I’ll start out by saying that my parents don’t like us to label ourselves. They don’t like us to share them either.
As a child it used to take me at least two hours to fall asleep. Thoughts would race through my head like boxcars. I would repeat what I was excited about the most until my brain would get tired enough to let me rest. Some doctors would call that insomnia, but that’s not what I had.
Since the age of six, I haven’t believed in god. His existence always felt like a fairytale that adults never grew out of. Some people would call this atheism, but that’s not what I have.
For as long as I can remember, I’ve been worried. Every event in my day was cause for panic. I would string them along like paper chains with no rest in between. Some doctors call that anxiety, but that’s not what I have.
I can’t remember a time when I didn’t pick at my skin. I’ll rip off pieces until my skin gets mad and bleeds red with anger. Some doctors would call that dermatillomania, but that’s not what I have.

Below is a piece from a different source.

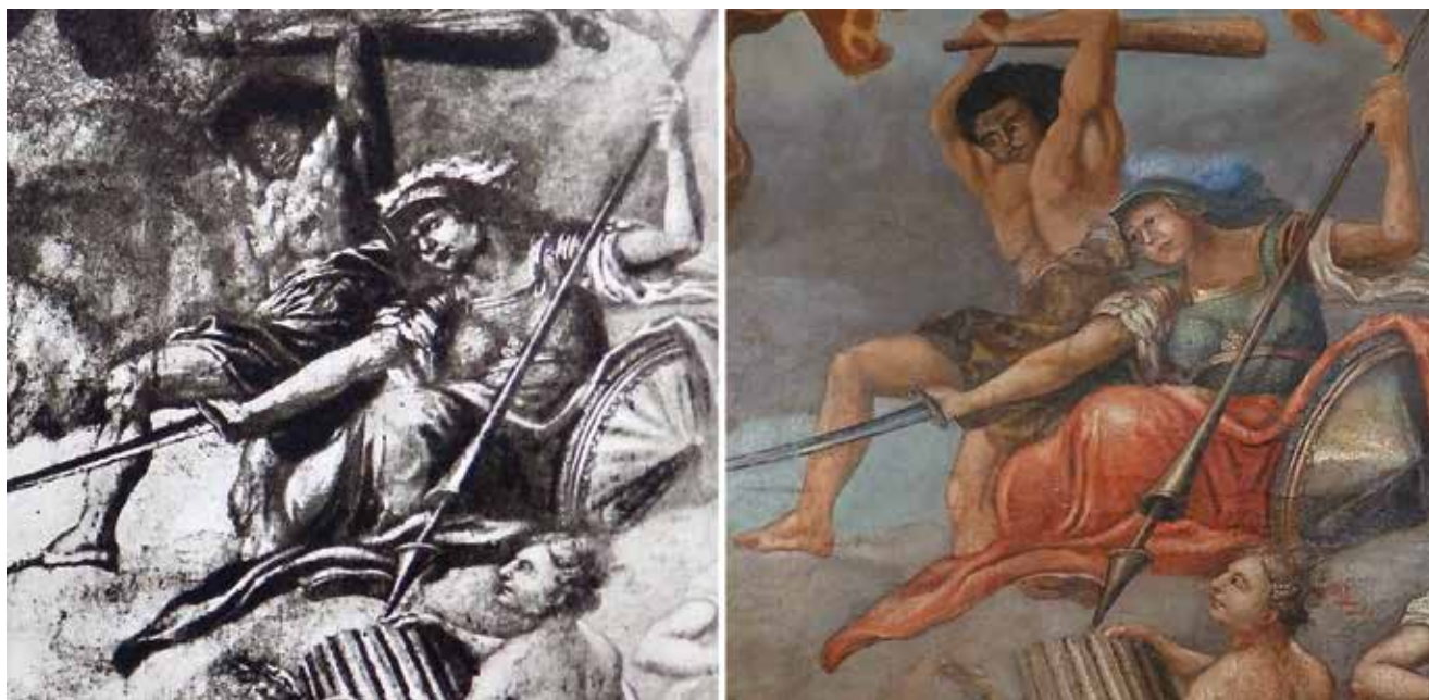
7. Comparison of the painting's former and present state: Heracles and Athena Usporedba prethodnog i sadašnjeg stanja slike: Heraklo i Atena

Since middle school, I’ve been afraid of germs. I won’t touch my face without washing my hands first which makes it take twice as long to put on makeup. I can’t eat without sanitizing my hands which makes people skeptical to get to know you better. Some doctors would call that germaphobia, but that’s not what I have.
When I was fifteen my throat used to close up every time I thought about death. Sometimes you don’t realize you’re breathing until you’re gasping for air. Some doctors call that a panic attack, but that’s not what I had.

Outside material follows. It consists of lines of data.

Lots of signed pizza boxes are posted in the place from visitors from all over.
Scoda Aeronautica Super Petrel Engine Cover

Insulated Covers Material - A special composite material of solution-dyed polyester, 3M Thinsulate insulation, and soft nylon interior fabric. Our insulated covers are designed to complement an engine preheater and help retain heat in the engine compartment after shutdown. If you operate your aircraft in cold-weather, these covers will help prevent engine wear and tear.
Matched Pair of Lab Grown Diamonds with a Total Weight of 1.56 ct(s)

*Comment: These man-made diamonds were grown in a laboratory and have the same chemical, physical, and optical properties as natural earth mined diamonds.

I’ve been on antidepressants for three years in order to calm down my brain from running too many marathons. My heart was never able to catch up. Some doctors might say that this is because I was depressed. But that’s not what I have.
My therapist told me… — ****, I wasn’t supposed to tell you that.
Somebody told me to come here today so that I could be honest to myself and others about the problems that don’t have names. The words that I can’t say out loud.
I’m hoping with this discussion I will someday be able to say that I used to not be able to fall asleep for hours. I used to not believe in god, I used to worry all the time. That I no longer pick at my skin. I’m no longer afraid of germs. My throat used to close up, and I’m no longer on antidepressants.